→ **What the task asks**: In the records below, find the line holding "Sample 4-1 before test" and the line holding "Grand Hall –". Set down both, with every line between them, exactly.

[Items from a dataset]

-*-*-

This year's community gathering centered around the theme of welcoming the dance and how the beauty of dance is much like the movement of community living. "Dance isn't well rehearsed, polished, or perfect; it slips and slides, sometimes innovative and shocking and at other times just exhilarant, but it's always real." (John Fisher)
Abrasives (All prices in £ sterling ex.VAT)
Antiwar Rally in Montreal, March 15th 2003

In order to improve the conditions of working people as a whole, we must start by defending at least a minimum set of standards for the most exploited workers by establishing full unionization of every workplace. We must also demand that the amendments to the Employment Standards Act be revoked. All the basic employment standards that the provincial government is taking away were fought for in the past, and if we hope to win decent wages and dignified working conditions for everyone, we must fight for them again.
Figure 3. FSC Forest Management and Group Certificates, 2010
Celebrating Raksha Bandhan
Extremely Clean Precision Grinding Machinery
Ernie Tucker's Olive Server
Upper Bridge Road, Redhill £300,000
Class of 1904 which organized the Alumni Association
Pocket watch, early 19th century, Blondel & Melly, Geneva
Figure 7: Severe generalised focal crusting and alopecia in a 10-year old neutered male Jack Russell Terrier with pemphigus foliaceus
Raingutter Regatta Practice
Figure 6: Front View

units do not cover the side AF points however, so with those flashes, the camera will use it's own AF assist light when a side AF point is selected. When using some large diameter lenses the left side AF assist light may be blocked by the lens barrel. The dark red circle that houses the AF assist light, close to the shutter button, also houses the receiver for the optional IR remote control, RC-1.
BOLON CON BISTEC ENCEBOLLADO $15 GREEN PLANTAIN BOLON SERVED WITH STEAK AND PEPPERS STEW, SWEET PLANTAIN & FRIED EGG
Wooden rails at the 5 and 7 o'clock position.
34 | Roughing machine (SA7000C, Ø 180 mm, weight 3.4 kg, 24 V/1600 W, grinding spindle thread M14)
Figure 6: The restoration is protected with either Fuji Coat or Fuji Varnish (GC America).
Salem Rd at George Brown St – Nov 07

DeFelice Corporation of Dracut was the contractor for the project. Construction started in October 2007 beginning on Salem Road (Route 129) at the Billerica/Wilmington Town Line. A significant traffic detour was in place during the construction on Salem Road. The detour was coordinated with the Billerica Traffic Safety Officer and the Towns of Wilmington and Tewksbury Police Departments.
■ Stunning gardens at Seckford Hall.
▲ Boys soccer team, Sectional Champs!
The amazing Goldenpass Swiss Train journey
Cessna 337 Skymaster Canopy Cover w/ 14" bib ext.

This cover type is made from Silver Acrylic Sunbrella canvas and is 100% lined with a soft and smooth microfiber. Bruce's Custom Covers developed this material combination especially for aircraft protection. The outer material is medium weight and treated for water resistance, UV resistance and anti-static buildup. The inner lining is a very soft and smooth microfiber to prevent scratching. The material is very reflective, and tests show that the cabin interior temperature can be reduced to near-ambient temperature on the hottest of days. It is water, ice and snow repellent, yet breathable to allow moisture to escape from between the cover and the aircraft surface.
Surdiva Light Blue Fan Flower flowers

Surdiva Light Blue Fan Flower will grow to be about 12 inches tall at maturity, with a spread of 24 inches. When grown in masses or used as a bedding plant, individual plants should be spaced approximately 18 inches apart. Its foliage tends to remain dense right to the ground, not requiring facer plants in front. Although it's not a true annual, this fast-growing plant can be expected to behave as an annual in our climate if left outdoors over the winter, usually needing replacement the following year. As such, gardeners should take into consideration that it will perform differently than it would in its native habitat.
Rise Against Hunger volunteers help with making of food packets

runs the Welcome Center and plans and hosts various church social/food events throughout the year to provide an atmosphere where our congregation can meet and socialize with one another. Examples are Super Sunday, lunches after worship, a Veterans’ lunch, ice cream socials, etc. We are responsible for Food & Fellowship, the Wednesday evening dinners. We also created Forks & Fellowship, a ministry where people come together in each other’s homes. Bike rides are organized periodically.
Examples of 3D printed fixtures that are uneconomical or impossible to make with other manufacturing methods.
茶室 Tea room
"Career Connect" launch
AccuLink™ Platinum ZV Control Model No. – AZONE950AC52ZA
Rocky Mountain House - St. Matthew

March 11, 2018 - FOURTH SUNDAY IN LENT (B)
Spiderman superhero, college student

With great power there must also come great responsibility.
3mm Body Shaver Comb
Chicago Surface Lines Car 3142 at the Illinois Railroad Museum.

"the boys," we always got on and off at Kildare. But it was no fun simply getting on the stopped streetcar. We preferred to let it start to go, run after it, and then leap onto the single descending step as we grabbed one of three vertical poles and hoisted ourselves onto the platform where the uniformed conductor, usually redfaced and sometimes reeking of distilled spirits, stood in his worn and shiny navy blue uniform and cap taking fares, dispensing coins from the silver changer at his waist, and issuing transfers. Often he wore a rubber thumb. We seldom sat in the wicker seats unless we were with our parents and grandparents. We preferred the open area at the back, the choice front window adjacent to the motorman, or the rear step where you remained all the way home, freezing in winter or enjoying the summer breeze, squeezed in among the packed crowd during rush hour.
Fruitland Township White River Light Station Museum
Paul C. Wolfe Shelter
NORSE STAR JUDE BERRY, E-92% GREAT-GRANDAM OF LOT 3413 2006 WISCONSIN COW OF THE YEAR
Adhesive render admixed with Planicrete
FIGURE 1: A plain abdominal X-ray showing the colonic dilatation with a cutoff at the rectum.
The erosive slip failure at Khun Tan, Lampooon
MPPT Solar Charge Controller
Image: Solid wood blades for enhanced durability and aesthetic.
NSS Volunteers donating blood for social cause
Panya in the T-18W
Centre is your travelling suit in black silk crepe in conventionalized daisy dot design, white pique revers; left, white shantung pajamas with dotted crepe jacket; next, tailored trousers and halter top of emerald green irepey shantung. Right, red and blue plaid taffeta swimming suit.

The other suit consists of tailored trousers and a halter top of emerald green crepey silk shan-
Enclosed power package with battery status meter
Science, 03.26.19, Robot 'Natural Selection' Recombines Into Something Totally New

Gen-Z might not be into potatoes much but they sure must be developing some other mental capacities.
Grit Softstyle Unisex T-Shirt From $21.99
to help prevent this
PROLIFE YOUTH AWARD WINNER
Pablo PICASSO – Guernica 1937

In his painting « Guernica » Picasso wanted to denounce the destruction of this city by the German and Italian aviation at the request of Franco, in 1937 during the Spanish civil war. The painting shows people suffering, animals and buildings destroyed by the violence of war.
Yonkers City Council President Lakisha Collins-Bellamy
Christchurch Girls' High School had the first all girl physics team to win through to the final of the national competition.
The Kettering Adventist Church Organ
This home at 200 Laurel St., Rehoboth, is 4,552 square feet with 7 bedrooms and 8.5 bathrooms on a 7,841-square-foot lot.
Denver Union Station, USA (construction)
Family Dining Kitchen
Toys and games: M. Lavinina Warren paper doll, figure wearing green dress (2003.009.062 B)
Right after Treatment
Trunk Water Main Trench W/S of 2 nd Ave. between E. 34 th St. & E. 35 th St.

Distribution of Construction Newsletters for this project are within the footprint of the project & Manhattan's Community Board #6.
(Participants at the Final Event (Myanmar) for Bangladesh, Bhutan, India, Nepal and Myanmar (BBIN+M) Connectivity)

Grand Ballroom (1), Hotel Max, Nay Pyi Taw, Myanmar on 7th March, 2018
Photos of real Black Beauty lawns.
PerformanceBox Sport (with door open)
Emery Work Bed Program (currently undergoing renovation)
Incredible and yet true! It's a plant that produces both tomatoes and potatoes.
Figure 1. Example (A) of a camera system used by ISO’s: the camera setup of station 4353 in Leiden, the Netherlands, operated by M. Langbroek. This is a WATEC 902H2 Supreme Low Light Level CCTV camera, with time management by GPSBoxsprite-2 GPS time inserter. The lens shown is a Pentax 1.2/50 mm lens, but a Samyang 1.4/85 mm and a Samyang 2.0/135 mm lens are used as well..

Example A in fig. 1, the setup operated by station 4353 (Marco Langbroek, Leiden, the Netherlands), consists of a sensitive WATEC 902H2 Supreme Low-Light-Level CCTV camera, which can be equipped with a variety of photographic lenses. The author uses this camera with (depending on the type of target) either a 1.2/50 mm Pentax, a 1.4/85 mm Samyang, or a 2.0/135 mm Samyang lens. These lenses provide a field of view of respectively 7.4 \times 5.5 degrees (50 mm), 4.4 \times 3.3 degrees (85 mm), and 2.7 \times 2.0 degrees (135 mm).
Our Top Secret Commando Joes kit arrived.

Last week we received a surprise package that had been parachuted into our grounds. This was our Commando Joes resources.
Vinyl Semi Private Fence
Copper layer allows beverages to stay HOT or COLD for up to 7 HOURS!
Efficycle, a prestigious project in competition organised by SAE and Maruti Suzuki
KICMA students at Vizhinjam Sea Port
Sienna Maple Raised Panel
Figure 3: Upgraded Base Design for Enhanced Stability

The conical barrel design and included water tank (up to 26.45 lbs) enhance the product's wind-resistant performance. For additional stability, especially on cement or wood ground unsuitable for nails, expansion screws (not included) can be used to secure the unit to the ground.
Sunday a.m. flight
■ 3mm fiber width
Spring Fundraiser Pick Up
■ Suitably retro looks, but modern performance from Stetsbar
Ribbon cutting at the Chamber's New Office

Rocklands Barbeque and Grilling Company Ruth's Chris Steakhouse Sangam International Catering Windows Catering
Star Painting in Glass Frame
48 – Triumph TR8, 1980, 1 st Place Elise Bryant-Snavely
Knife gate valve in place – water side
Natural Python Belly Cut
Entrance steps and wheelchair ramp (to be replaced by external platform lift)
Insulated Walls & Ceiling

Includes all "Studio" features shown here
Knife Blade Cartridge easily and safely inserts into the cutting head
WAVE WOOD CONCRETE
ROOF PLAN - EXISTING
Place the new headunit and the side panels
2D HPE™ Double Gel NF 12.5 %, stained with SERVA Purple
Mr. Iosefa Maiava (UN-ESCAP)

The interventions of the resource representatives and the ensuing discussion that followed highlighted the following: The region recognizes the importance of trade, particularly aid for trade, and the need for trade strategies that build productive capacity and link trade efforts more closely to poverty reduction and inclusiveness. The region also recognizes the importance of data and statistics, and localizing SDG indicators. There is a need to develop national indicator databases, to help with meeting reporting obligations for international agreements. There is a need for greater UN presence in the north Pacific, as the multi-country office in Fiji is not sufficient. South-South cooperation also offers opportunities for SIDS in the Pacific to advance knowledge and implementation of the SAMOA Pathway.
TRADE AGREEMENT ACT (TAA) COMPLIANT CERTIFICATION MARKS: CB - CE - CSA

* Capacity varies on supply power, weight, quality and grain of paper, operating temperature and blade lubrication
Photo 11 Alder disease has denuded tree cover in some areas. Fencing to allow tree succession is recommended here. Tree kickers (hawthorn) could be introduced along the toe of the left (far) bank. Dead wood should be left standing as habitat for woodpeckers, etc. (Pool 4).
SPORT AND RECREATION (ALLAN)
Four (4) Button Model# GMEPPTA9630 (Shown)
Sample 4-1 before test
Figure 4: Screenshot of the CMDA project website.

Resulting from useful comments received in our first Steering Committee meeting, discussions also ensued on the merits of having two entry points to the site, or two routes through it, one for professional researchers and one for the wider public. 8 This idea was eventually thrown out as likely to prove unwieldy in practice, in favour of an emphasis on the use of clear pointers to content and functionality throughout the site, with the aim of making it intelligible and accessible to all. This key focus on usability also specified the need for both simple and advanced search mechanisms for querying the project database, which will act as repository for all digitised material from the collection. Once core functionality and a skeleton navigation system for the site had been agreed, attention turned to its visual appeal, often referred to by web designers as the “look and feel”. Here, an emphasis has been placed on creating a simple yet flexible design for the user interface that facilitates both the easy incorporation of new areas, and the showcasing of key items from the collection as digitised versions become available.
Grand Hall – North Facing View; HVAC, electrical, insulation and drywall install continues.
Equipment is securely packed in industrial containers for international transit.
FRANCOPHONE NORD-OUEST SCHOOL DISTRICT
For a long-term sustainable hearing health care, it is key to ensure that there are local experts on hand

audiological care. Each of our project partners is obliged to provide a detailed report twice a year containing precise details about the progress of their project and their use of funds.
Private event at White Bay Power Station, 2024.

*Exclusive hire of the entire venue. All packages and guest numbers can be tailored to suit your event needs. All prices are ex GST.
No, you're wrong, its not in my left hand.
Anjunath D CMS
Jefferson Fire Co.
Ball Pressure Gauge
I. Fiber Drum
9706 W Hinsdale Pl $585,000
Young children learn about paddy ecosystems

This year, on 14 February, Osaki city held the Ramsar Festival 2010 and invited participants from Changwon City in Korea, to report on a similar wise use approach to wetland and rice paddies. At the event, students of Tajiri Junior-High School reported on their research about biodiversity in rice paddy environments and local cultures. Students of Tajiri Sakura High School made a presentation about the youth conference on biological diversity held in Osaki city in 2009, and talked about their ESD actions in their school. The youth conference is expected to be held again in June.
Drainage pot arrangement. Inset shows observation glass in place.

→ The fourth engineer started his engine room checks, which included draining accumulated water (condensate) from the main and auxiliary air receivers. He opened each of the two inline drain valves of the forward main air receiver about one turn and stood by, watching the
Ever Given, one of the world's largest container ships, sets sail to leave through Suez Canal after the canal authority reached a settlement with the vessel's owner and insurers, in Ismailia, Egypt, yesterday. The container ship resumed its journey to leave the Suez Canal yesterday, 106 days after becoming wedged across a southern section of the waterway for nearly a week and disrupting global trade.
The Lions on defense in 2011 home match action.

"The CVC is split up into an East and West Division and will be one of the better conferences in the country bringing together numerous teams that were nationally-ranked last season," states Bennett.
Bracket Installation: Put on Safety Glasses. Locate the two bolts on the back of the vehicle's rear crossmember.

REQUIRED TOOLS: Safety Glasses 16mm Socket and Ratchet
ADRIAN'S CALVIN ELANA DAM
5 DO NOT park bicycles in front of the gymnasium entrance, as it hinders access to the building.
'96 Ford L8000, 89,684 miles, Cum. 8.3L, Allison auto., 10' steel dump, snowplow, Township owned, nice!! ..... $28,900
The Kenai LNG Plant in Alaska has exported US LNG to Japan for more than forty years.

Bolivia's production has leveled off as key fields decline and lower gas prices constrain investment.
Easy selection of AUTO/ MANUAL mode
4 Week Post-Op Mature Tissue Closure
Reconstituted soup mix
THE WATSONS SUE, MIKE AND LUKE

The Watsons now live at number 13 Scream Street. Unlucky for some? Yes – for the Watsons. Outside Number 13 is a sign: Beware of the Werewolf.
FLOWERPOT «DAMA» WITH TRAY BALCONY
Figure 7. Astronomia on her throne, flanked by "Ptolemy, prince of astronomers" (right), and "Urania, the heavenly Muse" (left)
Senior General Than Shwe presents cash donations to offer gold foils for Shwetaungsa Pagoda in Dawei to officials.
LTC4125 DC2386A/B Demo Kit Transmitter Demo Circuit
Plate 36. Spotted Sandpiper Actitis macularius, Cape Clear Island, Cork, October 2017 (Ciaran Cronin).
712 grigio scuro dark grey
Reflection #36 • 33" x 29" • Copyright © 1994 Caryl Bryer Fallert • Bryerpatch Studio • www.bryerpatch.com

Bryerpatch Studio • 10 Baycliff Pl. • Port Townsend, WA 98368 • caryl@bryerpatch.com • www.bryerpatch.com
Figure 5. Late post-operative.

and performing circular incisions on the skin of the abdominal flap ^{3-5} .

-*-*-

→ **Response to the exercise**:
Sample 4-1 before test
Figure 4: Screenshot of the CMDA project website.

Resulting from useful comments received in our first Steering Committee meeting, discussions also ensued on the merits of having two entry points to the site, or two routes through it, one for professional researchers and one for the wider public. 8 This idea was eventually thrown out as likely to prove unwieldy in practice, in favour of an emphasis on the use of clear pointers to content and functionality throughout the site, with the aim of making it intelligible and accessible to all. This key focus on usability also specified the need for both simple and advanced search mechanisms for querying the project database, which will act as repository for all digitised material from the collection. Once core functionality and a skeleton navigation system for the site had been agreed, attention turned to its visual appeal, often referred to by web designers as the “look and feel”. Here, an emphasis has been placed on creating a simple yet flexible design for the user interface that facilitates both the easy incorporation of new areas, and the showcasing of key items from the collection as digitised versions become available.
Grand Hall – North Facing View; HVAC, electrical, insulation and drywall install continues.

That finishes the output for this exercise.